Чуда прикосновения к незнакомой душе.
Проходя практику в школе после 8 класса, попала в школьную библиотеку, к старой еврейке, которая меня почему-то выделяла и любила, она была парторгом школы, причем вызывала уважение: было в ней что-то старо-интеллигентское, мудро-правильное, жизненно-честное и справедливое.
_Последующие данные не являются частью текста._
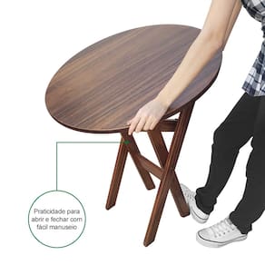 Tipo: Mesa Dobrável Modelo: Redondo Cor: Imbuia Estrutura: Base em madeira maciça de alta resistência. Tampo: MDF com acabamento de alta qualidade.
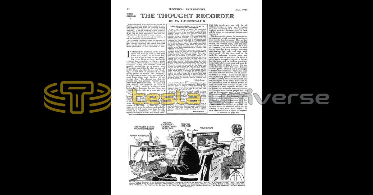 When the writer first conceived the idea of the thought recorder, he asked three prominent scientists regarding their views on recording thoughts electrically. The letters are reproduced herewith excerpted. It will be noted that Nikola Tesla disagrees with the writer as to thought transmission at all, but his letter nevertheless will give considerable food for thought to many readers.

У неё мы научились переплетать старые книги в черный и кирпично-коричневый коленкор с морщинистым рисунком, тщательно, на времена. Клей, который она варила сама, страшно вонял, мы наносили его на корешки оголенных книг "кисточками", скрученными из тетрадного листа с нарезанными "хвостиками". К жуткому запаху мы быстро принюхивались, заново его ощущая лишь после недолговременной отлучки на завтраки с невкусными котлетами из хлеба или в туалет. По возвращении мерзкий запах бил в нос, не доводя до нокаута, но ощутимо.
Окунание в новый мир других людей было полное, окружающий тебя постепенно исчезал, и лишь сильные звуки - телефон звонил ли, звали ли тебя к столу - выводил из оцепенения и нахождения тебя в другом месте и времени. Чтение поглощало тебя полностью, вводя в своеобразный транс.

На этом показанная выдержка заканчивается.